At what height is this flower pot dropped?

[ProBasket]

As you look out of your dorm window, a flower pot suddenly falls past. The pot is visible for a time t , and the vertical length of your window is L_w. Take down to be the positive direction, so that downward velocities are positive and the acceleration due to gravity is the positive quantity g .

Assume that the flower pot was dropped by someone on the floor above you (rather than thrown downward).


From what height h above the bottom of your window was the flower pot dropped?
Express your answer in terms of L_W, t, and g.

I'm trying to find the position right? so I'm going to use the position formula:
x = x(0) + v(0)t + 1/2at^2
well i know that initial velocity is 0, so...

x = L_W + 1/2*g*t^2

is this correct?

 

[Justin Lazear]

The initial velocity when the pot is dropped is zero, but the initial velocity when you see it at the top of your window is not. It has already been falling for a period of time before you see it, so it's already gained some velocity.

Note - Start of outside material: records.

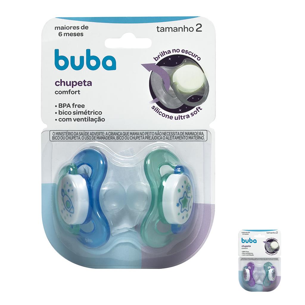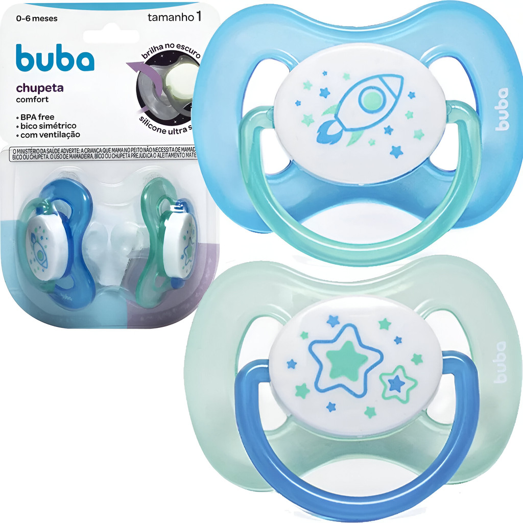 Kit 2 Chupetas Silicone Confort Ultra Soft +0 Meses Tamanho 1 e 2 Brilha No Escuro Bebe Azul Buba
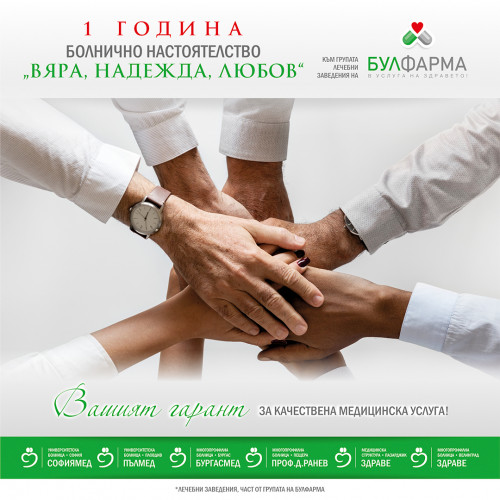 Болничното настоятелство към веригата лечебни заведения на „Булфарма“ – „Вяра, Надежда, Любов“ отбелязва 1 година от своето учредяване. Настоятелството, основано на 16-ти юли бе създадено като независим посредник между пациентите и всяко лечебно заведение от групата и пациентите и държавата, като насърчава инициативи в областта на здравеопазването за по-добро задоволяване на обществените потребности от качествени медицински услуги. Неговата дейност е гарант за пациента за качествена медицинска услуга при спазване на всички стандарти за добра медицинска практика.
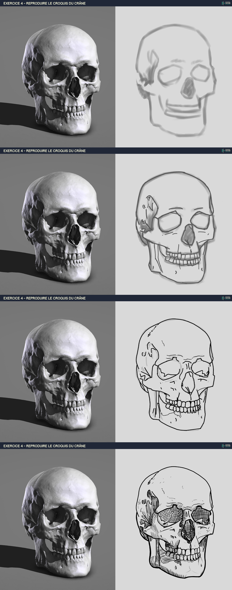 Bonjour, Voici ma proposition pour le croquis du crâne. Je suis partie de zéro, en utilisant la méthode de Spartan par étape. (je partage les différentes étapes). Comme pour les exercices précédents, je veux bien un retour sur mon travail, merci d'avance ^_^.
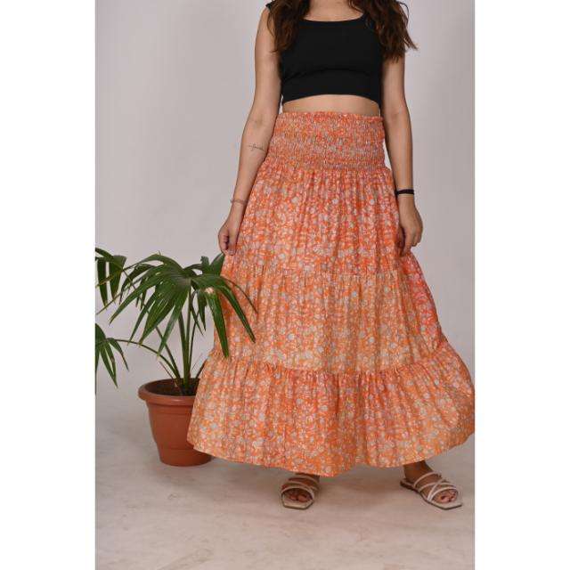 กระโปรงคลุมยาวผ้าไหมแท้ทำด้วยมือสไตล์อินเดียสำหรับผู้หญิงเอวยางยืดชุดฤดูร้อนและชายหาดแบบลำลอง
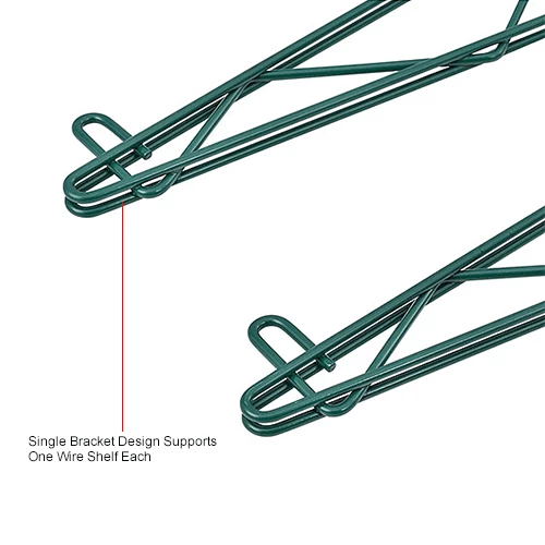Poly-Green® Single Arm Fixed Wall Bracket holds one wire shelf and attaches directly to the wall with the included wall-mounting plate. Add our Wire Shelf to these Shelf Brackets. Poly-Green® features a green powder-epoxy over zinc-chromate electro-plating that handles temperature and moisture extremes well. NEXGard®, an anti-microbial agent, protects the epoxy coating from bacteria, mold, and mildew that causes odors and product degradation. Limited Fifteen Year Warranty. NSF approved for wet or dry use. Mounting hardware not included.

Your current model for the motion would have the velocity at the top of your window being zero. This is clearly not correct.

Choose your coordinate system so that the point where the pot was dropped is the origin. Then the top of your window is at the point y = h, and the bottom of your window is at the point y = h + L. You don't know the time at each of these, but you know the difference in time between these two points, t. So define the time that the pot reaches the top of your window as t_top, then at the point y = h, time = t_top, and at the point y = h + L, time = t_top + t.

Solve for the unknowns using the equations these two points give you.

By the way, it's generally not a very good idea to denote a particular stretch of time as t. Personally, I'd use \Delta t in this case. This is to avoid confusion in statements like "at the point y = h + L, t = t_top + t", which must be rewritten as I did above. t in this problem is a parameter, so using it as a constant as well is not a good idea.

--J

 

[wais]

Yes, your approach is correct. However, there is a small mistake in your formula. The initial position, x(0), should be the height from which the flower pot was dropped, not the height of your window. So the correct formula would be:

x = h + 1/2*g*t^2

We can rearrange this formula to solve for h:

h = x - 1/2*g*t^2

Since x is the vertical length of your window, L_w, we can substitute it into the formula to get the final answer:

h = L_w - 1/2*g*t^2

Therefore, the height from which the flower pot was dropped is L_w - 1/2*g*t^2. This formula takes into account the acceleration due to gravity, the time the pot was visible, and the height of your window.